**Exercise description:** Will you output all of the data below exactly, omitting the images?

**Available data:**
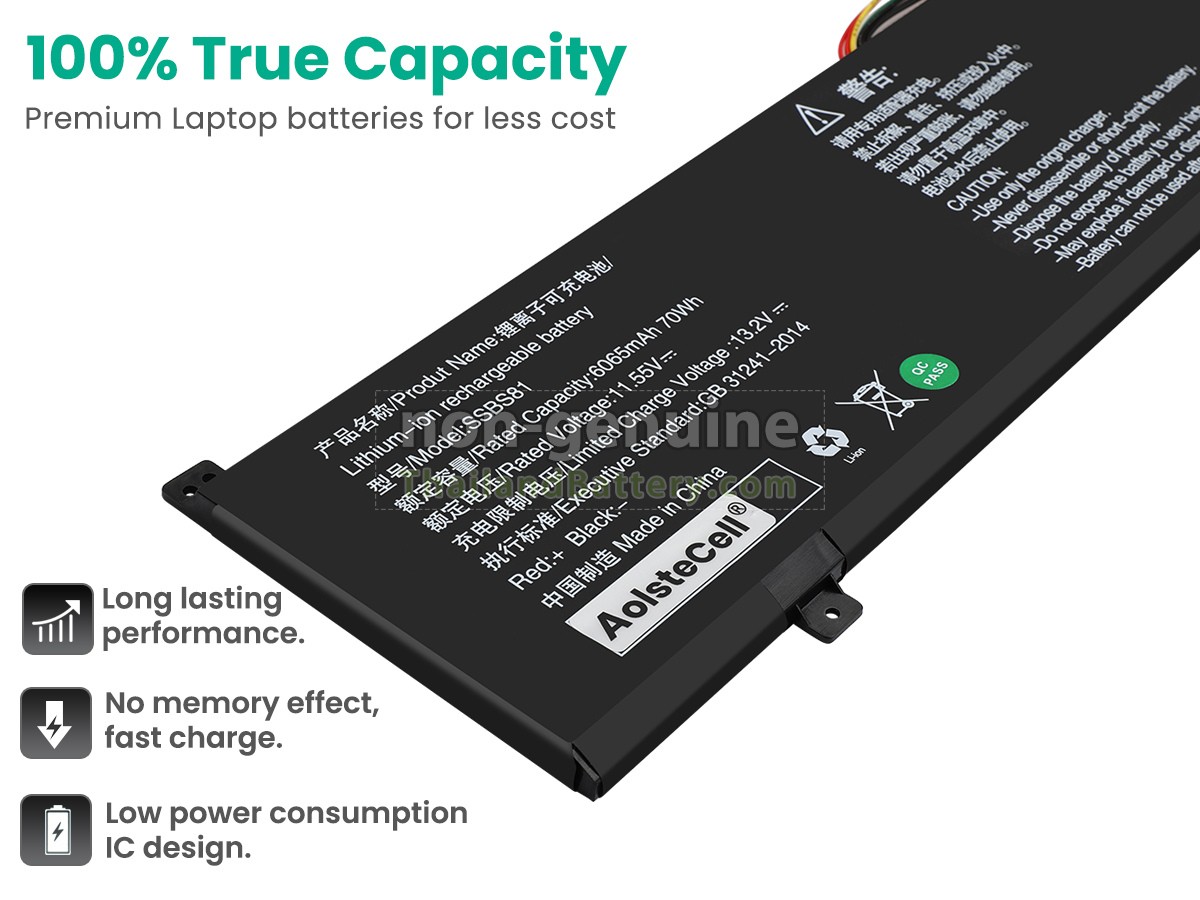 แบตเตอรี่ทดแทน Mechrevo 16 PRO นี้ มีสเปคเดียวกับผู้ผลิตดั้งเดิม สามารถใช้งานได้กับอุปกรณ์ Mechrevo ของท่านได้ 100% ฟังก์ชันและประสิทธิภาพการใช้งานของแบตเตอรี่ยังคงเท่ากับ 16 PRO รุ่นเดิม
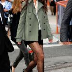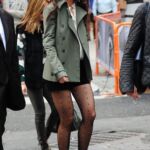 La bellissima Katie Holmes è qui ritratta probabilmente su un set (o almeno così pare), e l’abbigliamento è davvero di quelli da leccarsi i baffi! Pantaloni corti neri, décolleté nere e collant neri a pois. Cosa rende queste foto ancora più uniche? Il fatto che ce ne siano un paio, probabilmente riprese la sera in albergo, dove Katie ha tolto le scarpe!
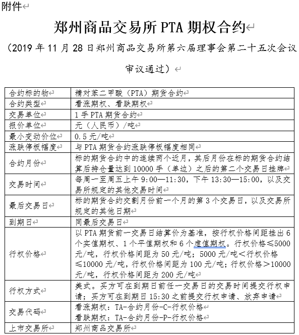 《鄭州商品交易所PTA期權合約》已鄭州商品交易所第六屆理事會第二十五次會議審議通過,并已報中國證監(jiān)會備案,現(xiàn)予發(fā)布,自PTA期權合約掛牌之日起施行。
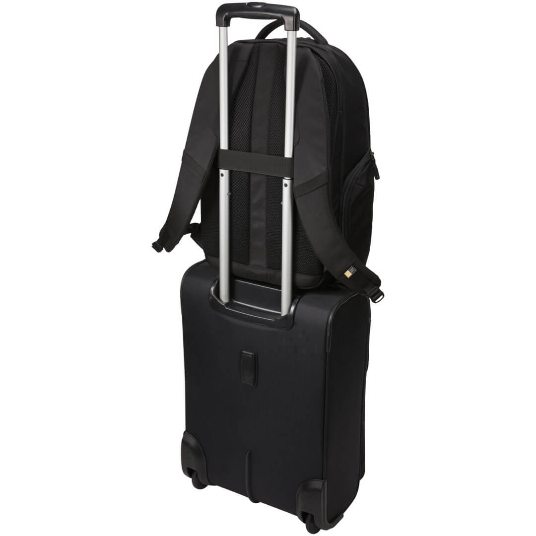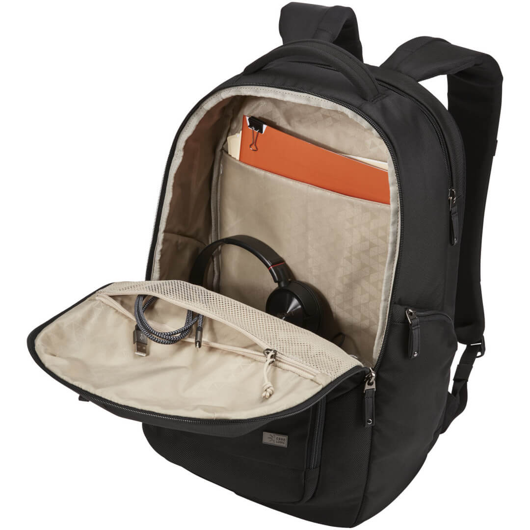 Obsahuje velkou hlavní přihrádku na zip s polstrovaným obalem na 15,6" notebook a 10,1" tablet a síťovanou kapsu na zip pro kabely a příslušenství. Dodává se s předním organizačním panelem pro ukládání malé elektroniky, kabelů, příslušenství, vizitek a klíčů. Obsahuje roztažitelné boční kapsy na láhev na vodu nebo napájecí adaptér, polstrované ramenní popruhy, prošívaný zadní díl ze vzdušné síťoviny, měkkou rukojeť a průchozí tunel. Záruka Case Logic: 25 let.

**Expected answer:**
 แบตเตอรี่ทดแทน Mechrevo 16 PRO นี้ มีสเปคเดียวกับผู้ผลิตดั้งเดิม สามารถใช้งานได้กับอุปกรณ์ Mechrevo ของท่านได้ 100% ฟังก์ชันและประสิทธิภาพการใช้งานของแบตเตอรี่ยังคงเท่ากับ 16 PRO รุ่นเดิม
 La bellissima Katie Holmes è qui ritratta probabilmente su un set (o almeno così pare), e l’abbigliamento è davvero di quelli da leccarsi i baffi! Pantaloni corti neri, décolleté nere e collant neri a pois. Cosa rende queste foto ancora più uniche? Il fatto che ce ne siano un paio, probabilmente riprese la sera in albergo, dove Katie ha tolto le scarpe!
 《鄭州商品交易所PTA期權合約》已鄭州商品交易所第六屆理事會第二十五次會議審議通過,并已報中國證監(jiān)會備案,現(xiàn)予發(fā)布,自PTA期權合約掛牌之日起施行。
 Obsahuje velkou hlavní přihrádku na zip s polstrovaným obalem na 15,6" notebook a 10,1" tablet a síťovanou kapsu na zip pro kabely a příslušenství. Dodává se s předním organizačním panelem pro ukládání malé elektroniky, kabelů, příslušenství, vizitek a klíčů. Obsahuje roztažitelné boční kapsy na láhev na vodu nebo napájecí adaptér, polstrované ramenní popruhy, prošívaný zadní díl ze vzdušné síťoviny, měkkou rukojeť a průchozí tunel. Záruka Case Logic: 25 let.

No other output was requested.